**MATERIAL FOR THE TASK**:
════════════════

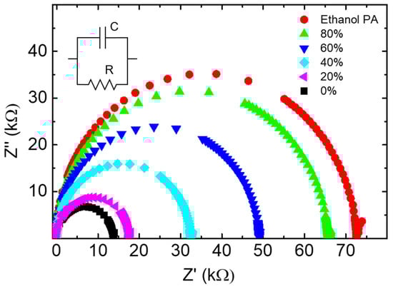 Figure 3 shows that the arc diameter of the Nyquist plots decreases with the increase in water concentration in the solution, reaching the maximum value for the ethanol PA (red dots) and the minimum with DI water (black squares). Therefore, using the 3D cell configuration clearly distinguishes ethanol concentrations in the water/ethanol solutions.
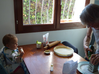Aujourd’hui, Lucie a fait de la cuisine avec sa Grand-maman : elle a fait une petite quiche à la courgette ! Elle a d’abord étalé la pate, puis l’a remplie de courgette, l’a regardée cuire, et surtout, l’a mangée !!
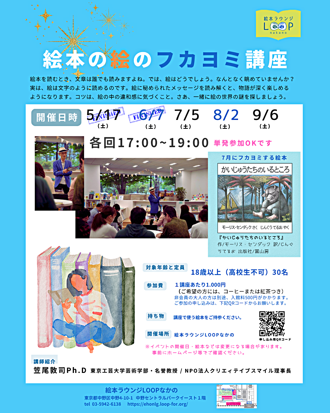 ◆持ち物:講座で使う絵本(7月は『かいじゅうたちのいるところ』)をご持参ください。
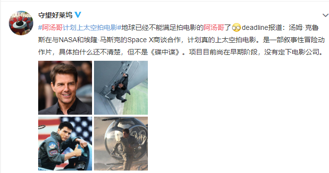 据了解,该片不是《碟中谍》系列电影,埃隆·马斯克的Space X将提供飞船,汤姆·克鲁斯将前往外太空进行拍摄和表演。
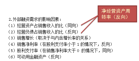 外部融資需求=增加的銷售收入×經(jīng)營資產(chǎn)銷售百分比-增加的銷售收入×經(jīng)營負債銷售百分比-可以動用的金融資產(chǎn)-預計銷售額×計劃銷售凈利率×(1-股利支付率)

════════════════

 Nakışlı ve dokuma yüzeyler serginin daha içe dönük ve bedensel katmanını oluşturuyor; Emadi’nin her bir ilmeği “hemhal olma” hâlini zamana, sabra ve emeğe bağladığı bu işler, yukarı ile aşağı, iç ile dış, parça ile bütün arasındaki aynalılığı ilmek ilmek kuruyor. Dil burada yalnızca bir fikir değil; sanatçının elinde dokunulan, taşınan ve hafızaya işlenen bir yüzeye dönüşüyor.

════════════════

**TASK PROMPT**: Repeat exactly the lines above, from the line that contains "Aujourd’hui, Lucie a" down through the line that contains "外部融資需求=增加的銷售收入". Include both of those lines and none of the pictures.

**ANSWER SPACE**:
Aujourd’hui, Lucie a fait de la cuisine avec sa Grand-maman : elle a fait une petite quiche à la courgette ! Elle a d’abord étalé la pate, puis l’a remplie de courgette, l’a regardée cuire, et surtout, l’a mangée !!
 ◆持ち物:講座で使う絵本(7月は『かいじゅうたちのいるところ』)をご持参ください。
 据了解,该片不是《碟中谍》系列电影,埃隆·马斯克的Space X将提供飞船,汤姆·克鲁斯将前往外太空进行拍摄和表演。
 外部融資需求=增加的銷售收入×經(jīng)營資產(chǎn)銷售百分比-增加的銷售收入×經(jīng)營負債銷售百分比-可以動用的金融資產(chǎn)-預計銷售額×計劃銷售凈利率×(1-股利支付率)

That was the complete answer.